Purchase data were stored in three separate data tables. First, descriptive information on each purchasing occasion (from the food purchase documentation forms) was entered into a relational database via MS Access. Second, the nutrient content of each purchased food was derived using the Nutrition Data System for Research (NDSR: versions 2013–2015, Nutrition Coordinating Center, University of Minnesota, MN), which contains nutrient information for over 18,000 foods. Research staff relied on digital photographs and field notes taken during home assessment visits to accurately identify each purchased item within the NDSR database. Nutrient data were obtained for the entire amount of each food purchased. Purchases were organized within NDSR by purchasing occasion, and exported into a table. Entries in this SQL table populated a Microsoft Access data entry form that research staff used to append price data to nutrient data for each purchased item (price data not reported). This data management process yielded a large dataset in which the nutrient and price data for each item was nested within purchasing occasions and individuals.


Demographic and social variables

The primary shopper reported their age (derived from date of birth), gender, ethnicity/race, educational attainment, employment status [unemployed, work disability, part-time (<35 h/week), full-time (≥35 h/week), retired] household size and composition, current tobacco use, and household income (reported to the nearest $100/y). The income to poverty ratio was calculated by dividing annual household income by the current Federal Poverty Threshold [33], which accounts for the number of adult and child family members in each household.


Height and weight of the primary shopper were measured in light clothing and stocking feet using a portable electronic stadiometer (model 213) and flat scale (model 876) from SECA (Hamburg, Germany). Body mass index (BMI) was calculated as weight (kg) divided by height2 (m).

Dietary intake

Dietary intake was assessed for primary shoppers through three in-person, 24-h diet recalls conducted at home visits. Recalls captured intake on two non-consecutive weekdays (M = 2.1, SD = 0.4 weekday recalls per subject) and one weekend day (M = 1.0, SD = 0.2 weekend recalls per subject), which were ultimately averaged. Diet recalls were guided by the NDSR diet recall software, which is modelled after the USDA interviewer-administered Automated Multiple-Pass Method. A booklet containing two-dimensional illustrations of various foods, known as the Food Portion Visual™ [34], was referenced to facilitate portion size estimation. Recalls were conducted by research dietitians with formal training in diet recall methodology, and all recalls were reviewed by a nutrition epidemiologist (CCT).
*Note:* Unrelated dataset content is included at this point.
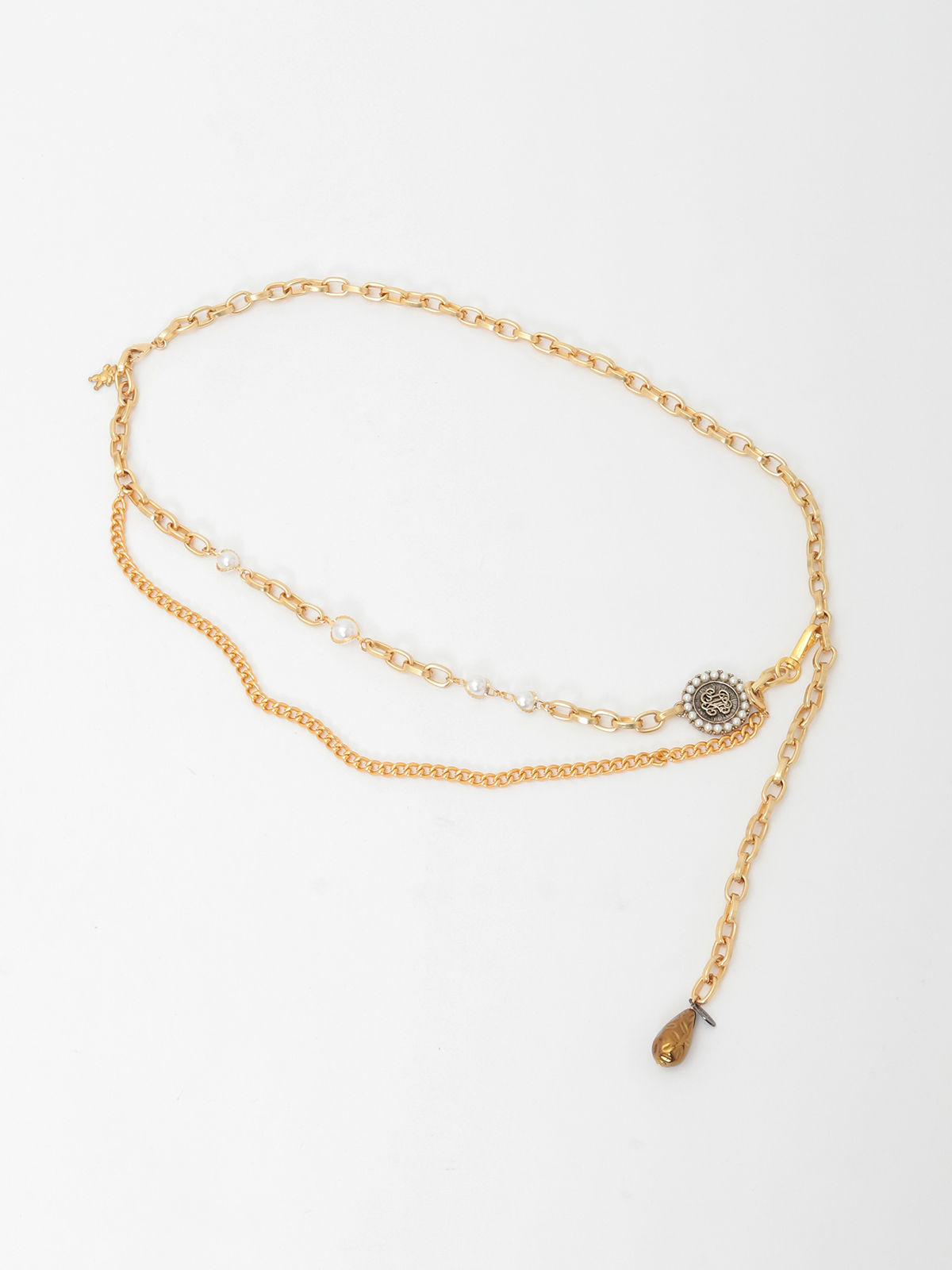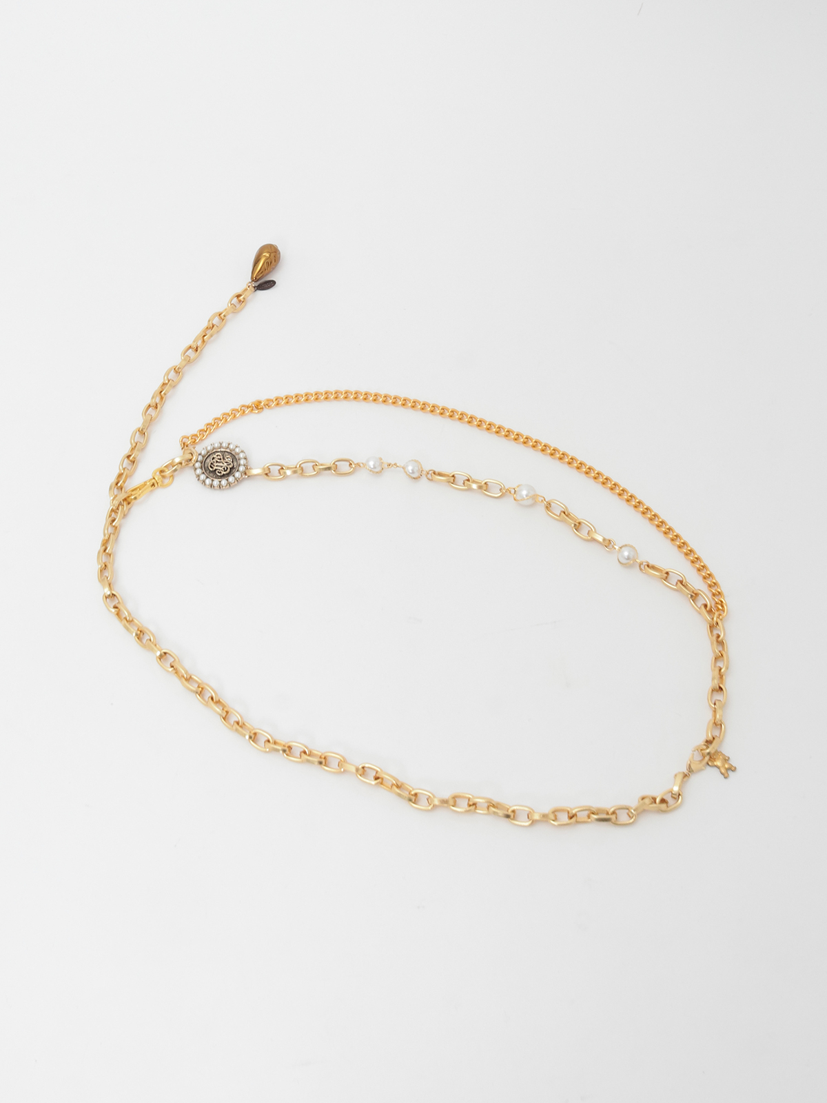 立体感のあるメダリオンパーツがアクセントになったチェーンベルト。

Nutrient densities and diet quality of purchases and recalled intake

The densities of fruits, vegetables, and seven key nutrients per 1000 kcal of food were calculated for both food purchases and recalled dietary intake using identical methods. Energy density was calculated in units of kcal/g. Additionally, the Healthy Eating Index-2010 scoring system [35] was applied to nutrient data derived through NDSR in order to quantify overall diet quality of purchased (HEI-2010purchased) and consumed (HEI-2010consumed) foods. The HEI-2010 scores the nutrient densities (per 1000 kcal) for 11 of 12 key dietary components on a continuous scale based on conformity to the Department of Health and Human Services’ 2010 Dietary Guidelines for Americans [36], The twelfth score is based on the ratio of monounsaturated and polyunsaturated fatty acids to saturated fatty acids. The 12 component scores are summed to obtain a total score with a maximum of 100 points, with higher scores reflecting better overall diet quality.

Medications, nutritional supplements, infant formulas, baby foods, and chewing gums were excluded from calculations of diet quality and nutrient densities. We also explored the impact of three alternative scoring methods on HEI-2010purchased estimates and their concordance with HEI-2010consumed: 1) excluding beverages and beverage mixes, 2) excluding cooking and baking ingredients, and 3) truncating each food to a maximum of 5000 kcal to reduce the impact of very large food purchases.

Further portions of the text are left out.